Free

Free

This is a small word of great significance in the Alexander Technique, and may be used many times during lessons.  ‘Free’ refers to a light and alert easing of muscle tension, which allows the body to balance and co-ordinate itself without interference.  ‘Free’ is different from ‘relax’.  Many people, when they try to relax, just let their bodies collapse heavily down so that they concertina their spine and torso, restrict their breathing and squash their internal organs.  They often become quite dull and sluggish in the process.  This unhelpful interpretation of the word ‘relax’ tends to create problems rather than relieving them, so teachers generally choose to use ‘free’  or ‘ease’ instead.  In Alexander lessons, we learn to give ourselves a set of directions and aim to ‘Allow the neck to be free’ whatever we are doing.

Freedom of Thought and Action

In order to gain freedom of thought and action Alexander realised that when we inhibit or avoid our habitual reactions, we are free to choose the way we wish to respond to a stimulus.

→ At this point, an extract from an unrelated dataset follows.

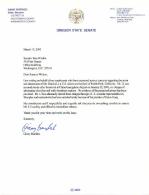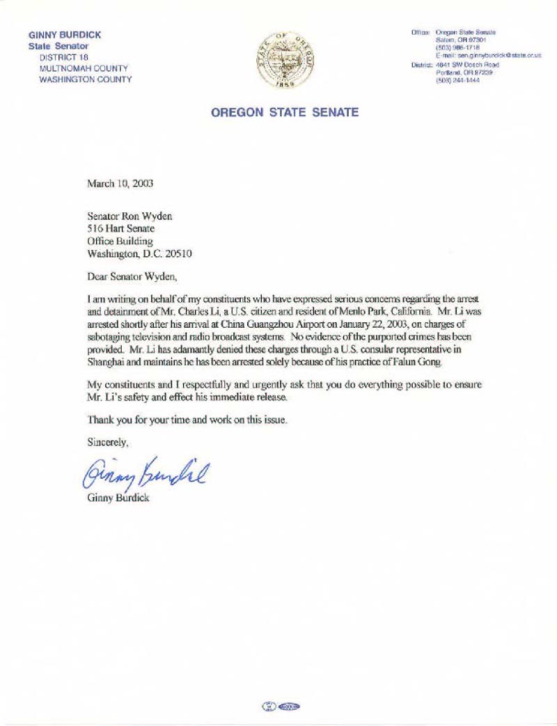 我代表我的选民们在此给您写信,他们表达了对加州门罗帕克市居民,美国公民查尔斯·李被捕及监禁深切关注。李先生于2003年1月22日刚抵达中国广州机场就被捕,被指控破坏电视和广播播放系统。但对这些所谓的罪名[中国政府]没有提供任何证据。李先生通过一名美国驻上海领事馆官员坚决否定了这些指控,称他被捕完全是因为他修炼法轮功。
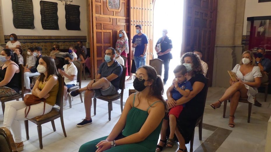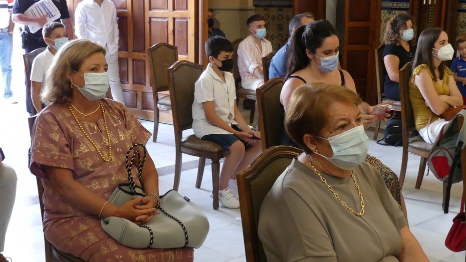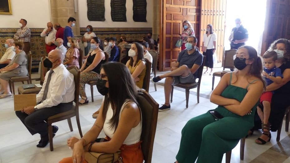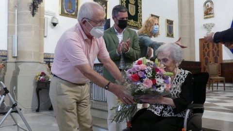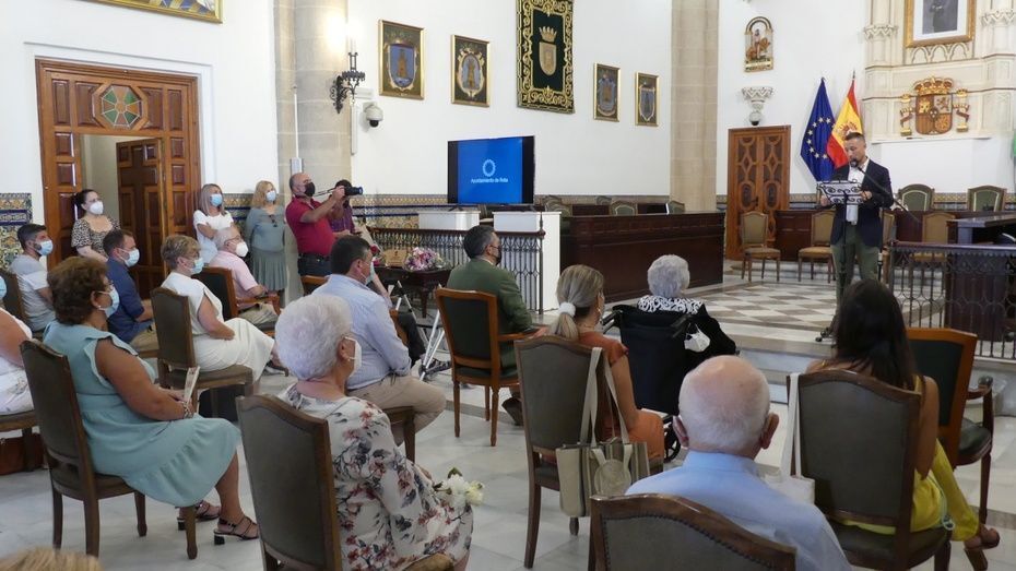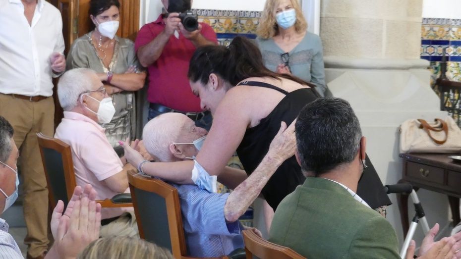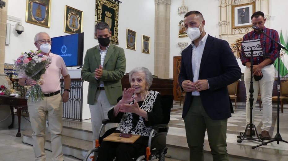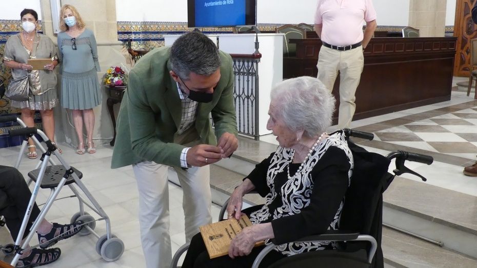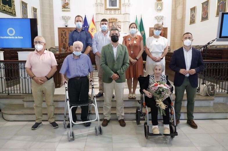 Antonio Bernal Campos de 94 años, y Antonia Palomeque Patino, de 98, han sido hoy los protagonistas de un acto que se ha celebrado en el salón capitular del Palacio Municipal Castillo de Luna, ante la presencia de familiares, amigos y miembros de la Corporación municipal. Este año, por la pandemia, aunque se ha podido celebrar la cita, no se ha invitado a los mayores de la residencia de ancianos que suelen ser fieles a este evento, pero todos los mayores de Rota han estado presentes en este reconocimiento que como decían tanto el alcalde de Rota, Javier Ruiz, como el delegado del Mayor, José Antonio Medina, es uno de los más importantes y que con más cariño se celebra.

This can be in relation to making a movement or in response to events in society.  Alexander explored the concept of freedom, when writing during the ‘criminal outrage’ of World War Two.  He believed that ordinary people could not be freed from blame because they were shelving individual responsibility onto the shoulder of some leader’… and that ‘their desire to be told what to do’ made them ‘guilty in the manner of waging war’.   

Alexander also believed that democracy could only come about ‘through full development of man’s potentiality not only for individual freedom of thought and action, but for that individual freedom IN thought and action in the general use and functioning of the self, which gives in process control of individual and therefore collective reaction, in the way of life essential to the practice of democracy’.